> Exercise prompt
When you repeat the material, keep each line exact and omit the pictures.

> Source material
=== Section Start ===

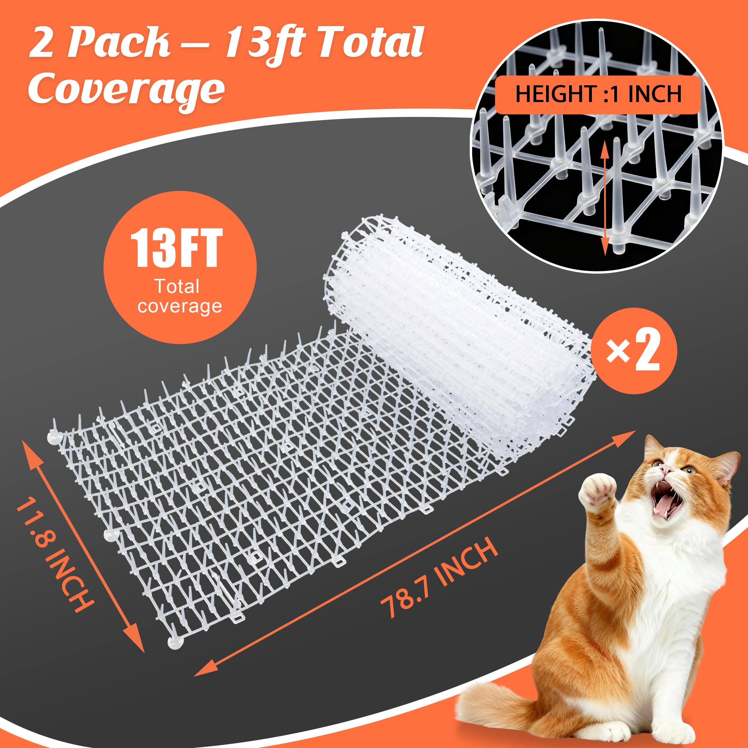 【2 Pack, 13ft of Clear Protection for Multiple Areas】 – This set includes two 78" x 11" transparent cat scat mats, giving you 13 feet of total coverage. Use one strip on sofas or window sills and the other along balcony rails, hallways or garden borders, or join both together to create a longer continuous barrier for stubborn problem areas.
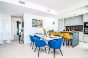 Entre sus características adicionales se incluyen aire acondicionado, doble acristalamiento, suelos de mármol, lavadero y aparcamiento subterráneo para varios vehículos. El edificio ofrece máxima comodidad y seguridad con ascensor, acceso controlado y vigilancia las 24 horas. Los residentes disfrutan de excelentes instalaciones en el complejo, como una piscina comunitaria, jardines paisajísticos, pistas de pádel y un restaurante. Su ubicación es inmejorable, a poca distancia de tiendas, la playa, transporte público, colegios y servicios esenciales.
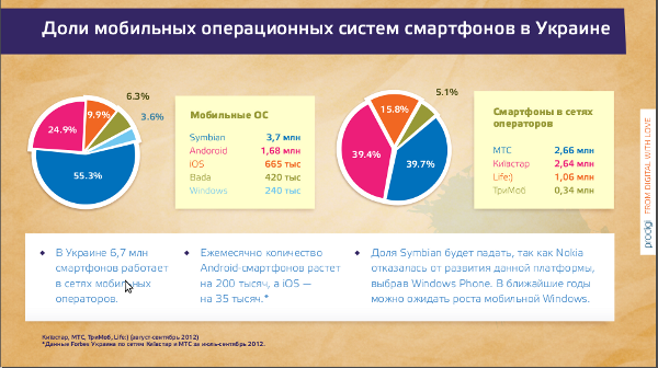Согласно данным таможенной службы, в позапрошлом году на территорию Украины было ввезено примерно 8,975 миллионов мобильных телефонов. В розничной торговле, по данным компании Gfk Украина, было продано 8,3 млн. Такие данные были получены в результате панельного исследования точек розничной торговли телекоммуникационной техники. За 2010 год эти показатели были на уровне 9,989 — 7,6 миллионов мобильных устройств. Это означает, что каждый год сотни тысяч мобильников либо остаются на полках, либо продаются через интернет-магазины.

=== Section End ===

> Result of the exercise
 【2 Pack, 13ft of Clear Protection for Multiple Areas】 – This set includes two 78" x 11" transparent cat scat mats, giving you 13 feet of total coverage. Use one strip on sofas or window sills and the other along balcony rails, hallways or garden borders, or join both together to create a longer continuous barrier for stubborn problem areas.
 Entre sus características adicionales se incluyen aire acondicionado, doble acristalamiento, suelos de mármol, lavadero y aparcamiento subterráneo para varios vehículos. El edificio ofrece máxima comodidad y seguridad con ascensor, acceso controlado y vigilancia las 24 horas. Los residentes disfrutan de excelentes instalaciones en el complejo, como una piscina comunitaria, jardines paisajísticos, pistas de pádel y un restaurante. Su ubicación es inmejorable, a poca distancia de tiendas, la playa, transporte público, colegios y servicios esenciales.
Согласно данным таможенной службы, в позапрошлом году на территорию Украины было ввезено примерно 8,975 миллионов мобильных телефонов. В розничной торговле, по данным компании Gfk Украина, было продано 8,3 млн. Такие данные были получены в результате панельного исследования точек розничной торговли телекоммуникационной техники. За 2010 год эти показатели были на уровне 9,989 — 7,6 миллионов мобильных устройств. Это означает, что каждый год сотни тысяч мобильников либо остаются на полках, либо продаются через интернет-магазины.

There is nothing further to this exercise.